Donanemab soll Alzheimer im Frühstadium verlangsamen – birgt aber hohe Risiken, Nebenwirkungen und Kosten.
Nach Lecanemab folgt nun wohl auch bald Donanemab: Die Europäische Arzneimittelagentur (EMA) hat im Juli 2025 die Zulassung eines weiteren Antikörper-Medikaments auf Infusions-Basis gegen Alzheimer-Demenz empfohlen. Der Wirkstoff Donanemab, vermarktet unter dem Namen Kisunla, wurde zwar von der EMA im März 2025 aufgrund erheblicher Sicherheitsbedenken für die Patienten zunächst abgelehnt – insbesondere wegen gehäufter Hirnschwellungen und Blutungen (ARIA).
Nun, nach einer erneuten Prüfung, spricht sich der Ausschuss für Humanarzneimittel (CHMP) für eine bedingte Zulassung aus – allerdings unter engen Auflagen.
Was Donanemab ist – und was es leisten soll
Donanemab ist ein monoklonaler Antikörper, der auf sogenannte Amyloid-Beta-Plaques im Gehirn zielt – jenen Eiweißablagerungen, die derzeit als Mit- bzw. Hauptverursacher der Alzheimer-Krankheit gelten. Indem Donanemab diese Plaques abbaut, soll es den kognitiven Abbau verzögern. Die Studien zeigen: Der kognitive Verlust konnte im Frühstadium der Erkrankung um bis zu 35 Prozent verlangsamt werden. Ein Aufhalten der Erkrankung ist jedoch nicht möglich.
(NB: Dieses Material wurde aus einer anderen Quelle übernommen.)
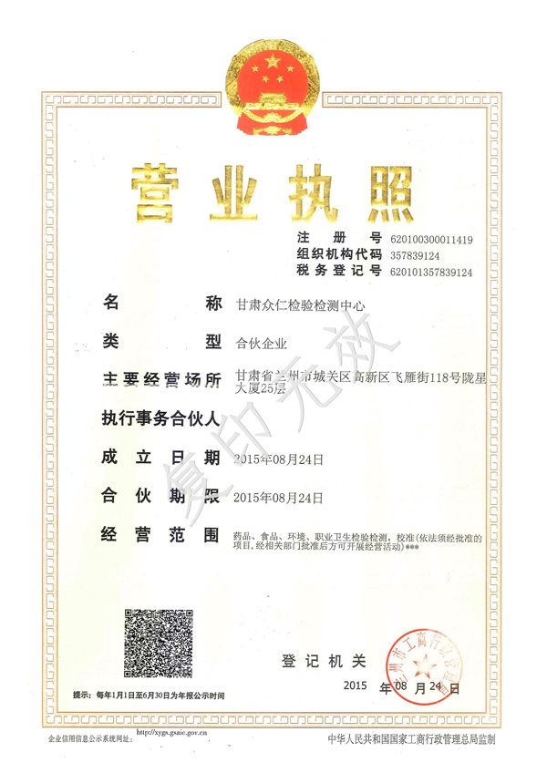 1.甘肅眾仁檢驗(yàn)檢測(cè)中心營(yíng)業(yè)執(zhí)照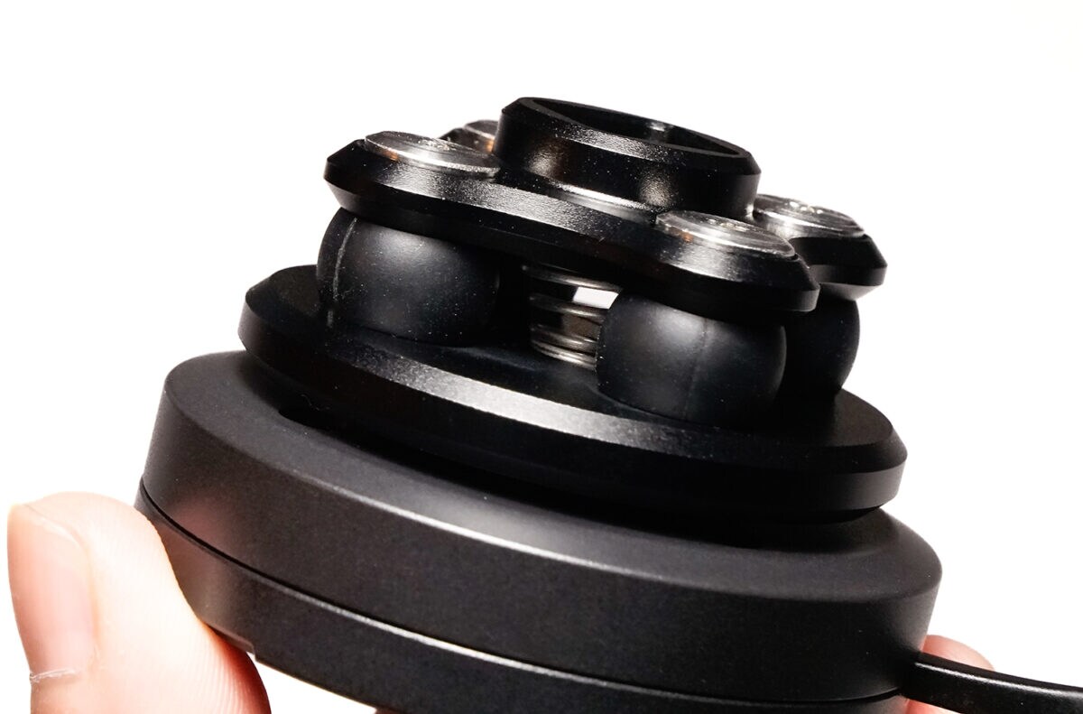 バイク特有の振動は、スマホに搭載されたカメラなど精密部品にダメージを与える可能性があるが、GR エクスプロアはその点にもしっかり配慮し、なんと振動吸収装置(4個のゴムダンパーと1個のコイルスプリング)が標準装備されている。
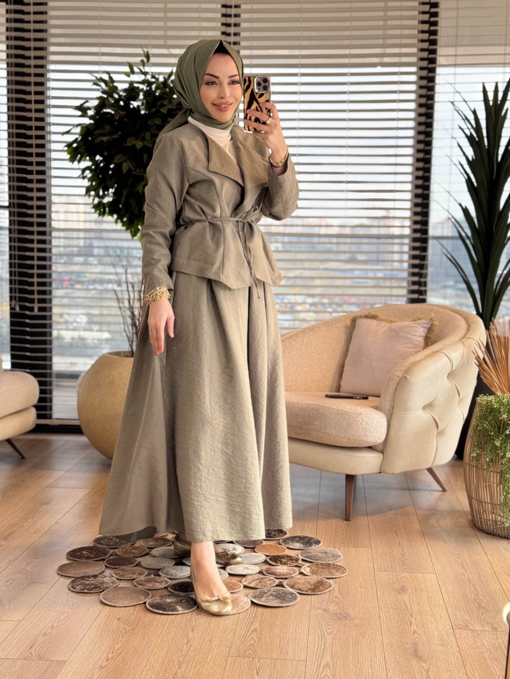 823 Ön İki Metal Düğmeli Takım Haki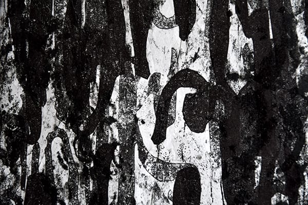 Reprises, multiplications, assemblages, superpositions, passage du grand au petit. Je joue avec les matières. ÉCRITURES D’ÉCORCES, monotypes d’écorces surimprimées d’écritures gravées dans du lino.

Auch Donanemab nur im Demenz-Frühstadium einsetzbar – für eine kleine Patientengruppe
Wie auch Lecanemab darf Donanemab nur bei Patienten mit leichter kognitiver Beeinträchtigung oder milder Alzheimer-Demenz eingesetzt werden – und dies auch nur, wenn eine Amyloid-Plaque-Belastung im Gehirn nachgewiesen wurde. Zudem ist das Medikament nur für Menschen mit maximal einer Kopie des ApoE4-Gens vorgesehen. Diese genetische Einschränkung reduziert die Zielgruppe erheblich – auf etwa 10 bis 15 Prozent der Betroffenen
Der Preis der Hoffnung: Nebenwirkungen und Risiken durch das Infusions-Medikament
Die Schattenseiten dieser medikamentösen Hoffnung sind auch diesmal nicht zu übersehen und wiegen noch schwerer als bei Lecanemab. Donanemab kann schwerwiegende Nebenwirkungen verursachen, darunter Hirnschwellungen (ARIA-E), Mikroblutungen (ARIA-H) und infusionsbedingte Reaktionen.
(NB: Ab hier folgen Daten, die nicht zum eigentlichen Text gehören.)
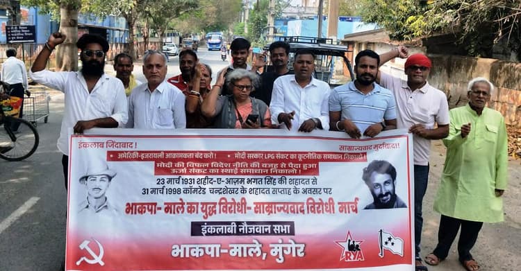 मुंगेर. भाकपा-माले व इंकलाब नौजवान सभा के संयुक्त बैनर तले मंगलवार को युद्ध विरोधी व साम्राज्यवाद विरोधी मार्च निकाला गया. जो सदर अस्पताल मोड़ से जुलूस की शक्ल में भगत सिंह चौक पर पहुंच कर समाप्त हुआ. जिसका नेतृत्व भाकपा-माले केंद्रीय कमेटी सदस्य सरोज चौबे, व्यवसायी संघ के नेता लखन कुमार, आरवाइए नेता सुमित कुमार, आईटीसी मजदूर नेता जयंत शर्मा, स्कीम वर्कर्स नेत्री गीता देवी, भीम यादव, अरुण कुमार ने संयुक्त रूप से किया. विरोध मार्च में शामिल लोग अमेरिका-इजरायल ईरान पर तत्काल हमला करना बंद करो, युद्ध नहीं शांति चाहिए, अमेरिकी साम्राज्यवाद मुर्दाबाद, मोदी सरकार चुप्पी तोड़ो, अमेरिका तेल के लिए दुनिया को तबाह करना बंद करो के नारे लगा रहे थे. वक्ताओं ने कहा कि भाकपा-माले 23 मार्च भगत सिंह की शहादत दिवस से चंद्र शेखर आजाद, श्याम नारायण यादव व भुटेली मियां की शहादत दिवस तक युद्ध विरोधी व साम्राज्यवाद विरोधी सप्ताह का आयोजन किया है. जिसके तहत यह विरोध मार्च निकाला गया. सरोज चौबे ने कहा कि अमेरिका व इजरायल ने ईरान पर तेल की लालच में एक अन्यायपूर्ण युद्ध छेड़ दिया है. जिसमें स्कूली बच्चे शहीद किये जा रहे हैं. अयातुल्ला खोमैनी के परिवार के कई सदस्य मार दिये गये. इस मानवता विरोधी युद्ध का पूरी दुनिया में विरोध हो रहा है. खुद अमेरिका में नो किंग्स का नारा लग रहा है. भारत सरकार ने गुटनिरपेक्ष नीति को तिलांजलि देते हुए अमेरिका व इजरायल के पक्ष में चुप्पी साध रखी है. इस युद्ध के खिलाफ व्यापक जनता को विरोध करना चाहिए. नेताओं ने कहा कि यु्द्ध का दुष्प्रभाव दिखने लगा है. गैस की किल्लत हो रही है. मंहगाई बढ़ रही है. फैक्टिरियां बंद हो रही हैं. मजदूर बेरोजगार हो रहे हैं.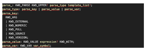 For example, the following ANTLR4 instructions for a Rexx parse instruction: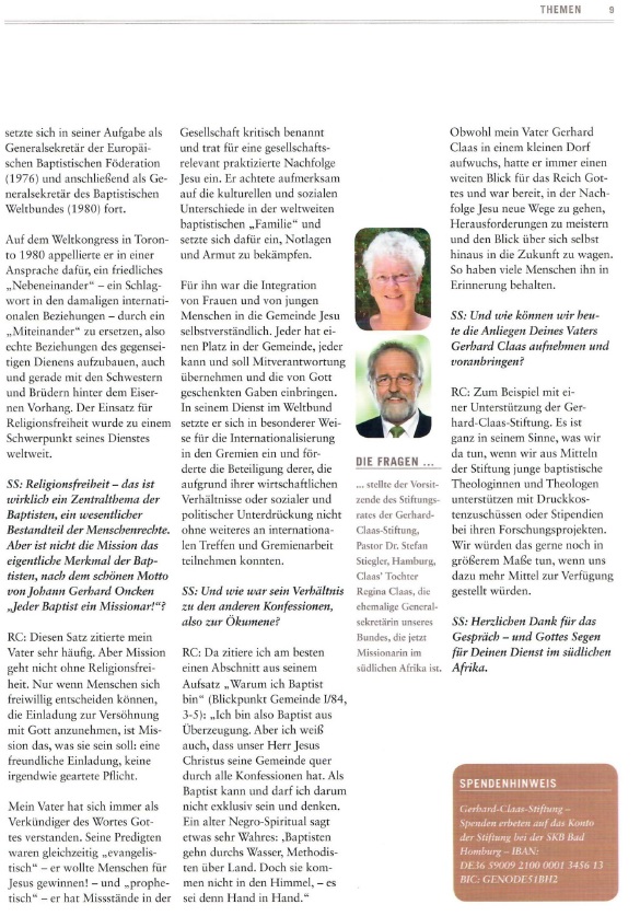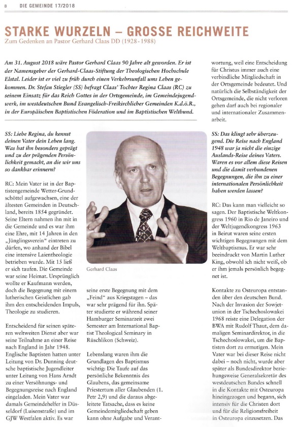 Zur Erinnerung an Gerhard Claas erschien im Jahr 2018 in der Zeitschrift "Die Gemeinde" das folgende Interview:
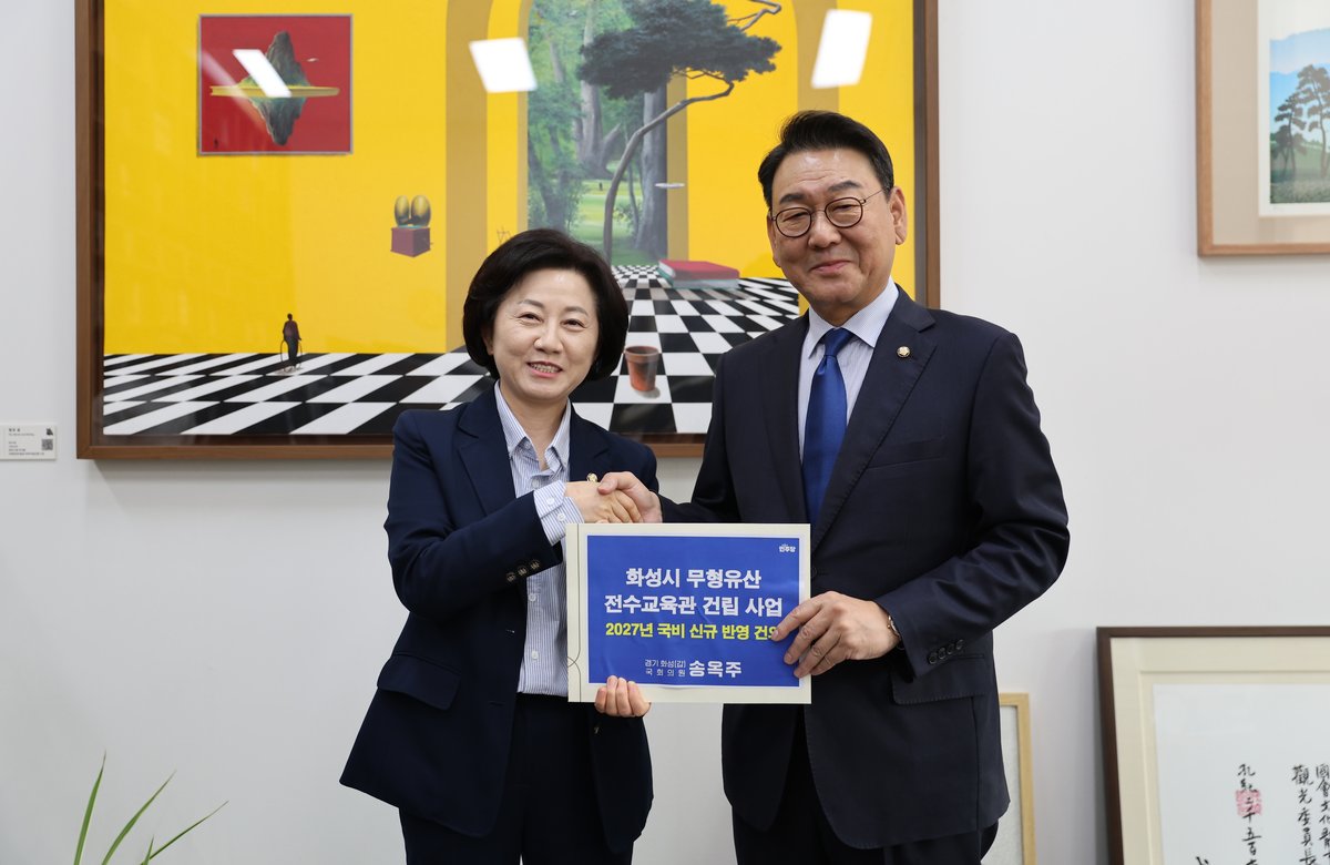 이에 따라 송 의원은 이날 김교흥 국회 문체위원장을 만나 무형유산 전승과 문화유산 보호를 위한 경기 화성 무형유산 전수교육관 건립에 필요한 국비 예산을 2억6400만원을 2027년 국가유산청 예산안에 반영해 줄 것을 건의했다.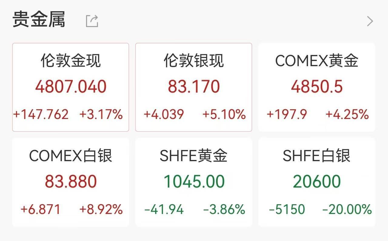Group 1 - Gold and silver prices experienced a strong rebound, with spot gold surpassing $4800 per ounce, marking a daily increase of over 3%, while spot silver broke above $83 per ounce, rising more than 5% [1] - COMEX gold futures and COMEX silver futures also saw simultaneous increases, reflecting a broader trend in precious metals [1] Group 2 - The current prices for London gold and silver are $4807.040 and $83.170 respectively, with gold up by $147.762 (3.17%) and silver up by $4.039 (5.10%) [2] - COMEX silver is priced at $83.880, showing an increase of $6.871 (8.92%), while SHFE gold is at $1045.00, down by $41.94 (3.86%) [2] - News reports indicate that Iran's president has ordered the initiation of nuclear negotiations, and high-level talks between Iran and the U.S. may occur in the coming days [2] - In the context of the Russia-Ukraine situation, negotiations regarding Ukraine are scheduled to take place in Abu Dhabi on February 4-5 [2]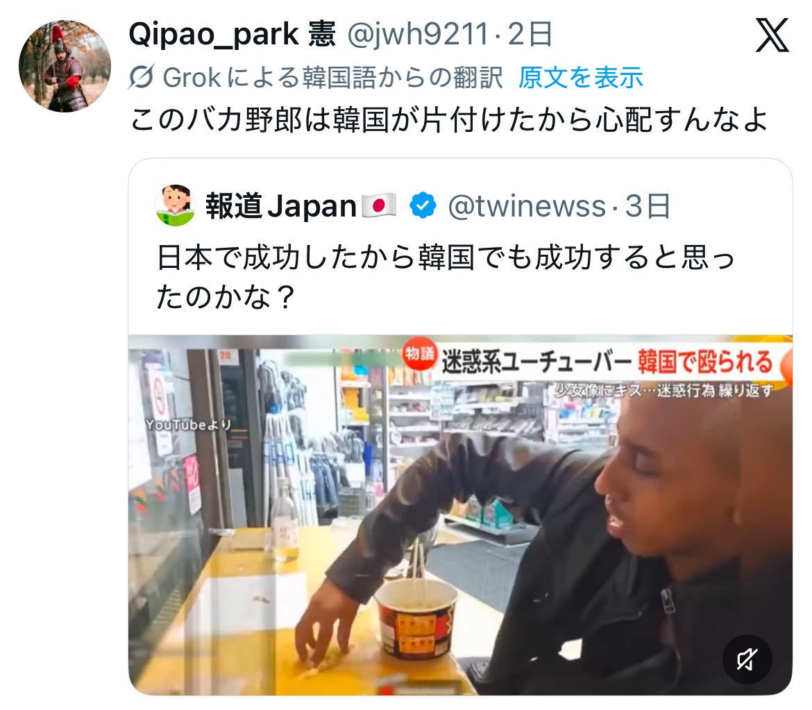 | … | 2626/04/15(水)12:05:22No.1420541411+韓国にいたのか…もう母国に帰ればいいのに |

In klinischen Studien traten Hirnödeme bei bis zu 27,5 Prozent der Patienten auf, Mikroblutungen sogar bei mehr als 30 Prozent. Hinzu kommen allergische Reaktionen, teils mit schwerem Verlauf, sowie Fälle mit Todesfolge, die in direktem Zusammenhang zur Behandlung gesehen werden.
Obwohl die Mehrheit der Betroffenen die Therapie zunächst symptomlos übersteht, bleibt das Risiko medizinisch und ethisch relevant – insbesondere in Anbetracht der geringen Wirksamkeit und der strengen Patientenauswahl.
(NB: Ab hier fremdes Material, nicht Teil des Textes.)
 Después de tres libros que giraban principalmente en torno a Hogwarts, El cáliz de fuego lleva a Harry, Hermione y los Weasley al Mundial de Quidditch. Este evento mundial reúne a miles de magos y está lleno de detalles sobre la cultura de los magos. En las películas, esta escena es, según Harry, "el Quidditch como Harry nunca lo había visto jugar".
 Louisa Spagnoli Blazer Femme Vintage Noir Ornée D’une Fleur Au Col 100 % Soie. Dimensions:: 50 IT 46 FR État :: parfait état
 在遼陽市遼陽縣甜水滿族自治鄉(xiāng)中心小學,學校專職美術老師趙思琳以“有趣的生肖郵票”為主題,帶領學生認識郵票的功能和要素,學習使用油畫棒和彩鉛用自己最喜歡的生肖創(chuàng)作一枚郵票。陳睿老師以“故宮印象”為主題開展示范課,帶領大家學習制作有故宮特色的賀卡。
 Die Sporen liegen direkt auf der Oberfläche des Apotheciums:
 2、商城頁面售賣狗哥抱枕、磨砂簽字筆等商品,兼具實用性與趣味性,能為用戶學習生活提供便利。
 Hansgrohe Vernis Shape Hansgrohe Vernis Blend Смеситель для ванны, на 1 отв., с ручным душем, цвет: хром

Organisation, Aufwand, Kosten – für wen ist eine Donanemab-Therapie realistisch?
Eine Donanemab-Therapie erfordert weit mehr als nur ein Rezept. Vor Therapiebeginn muss eine Amyloid-Belastung im Gehirn sicher nachgewiesen werden, meist per PET-Scan oder Liquordiagnostik. Die Infusionen erfolgen in vierwöchigen Abständen und dürfen nur unter Aufsicht eines erfahrenen, multidisziplinären Teams stattfinden – mit regelmäßigen MRT-Kontrollen, um Nebenwirkungen rechtzeitig zu erkennen.
Auch dürfen, wie bereits erwähnt, nur Patienten behandelt werden, die weder eine doppelte Kopie des ApoE4-Gens tragen noch mit bestimmten Risikomedikamenten wie Blutverdünnern behandelt werden. Das schließt viele Menschen aus, die eine Alzheimer-Diagnose bereits erhalten haben. Zudem ist die Therapie mit hohen Kosten verbunden:
In den USA liegt der Listenpreis bei etwa 32 000 US‑Dollar pro Jahr und Patient, in Europa wird Donanemab wohl um die 25.000 Euro kosten. Hinzu kommen, wie bei Lecanemab, dass der hohe organisatorische Aufwand erst einmal gestemmt werden muss. Die Hürden sind also nicht nur medizinisch und ethisch, sondern auch organisatorisch und wirtschaftlich enorm.
Antikörper-Medikamente: Ein Fortschritt – aber kein Durchbruch
Donanemab ist sicherlich ein Fortschritt in der Alzheimer-Forschung. Es reduziert Amyloid-Plaques und verlangsamt in sehr frühen Stadien den kognitiven Abbau. Doch die Einschränkungen sind erheblich: Ein Großteil der Betroffenen wird weder zugelassen noch profitieren können. Und: Der erwartete „Durchbruch“ bleibt auch mit diesem zweiten Antikörper aus.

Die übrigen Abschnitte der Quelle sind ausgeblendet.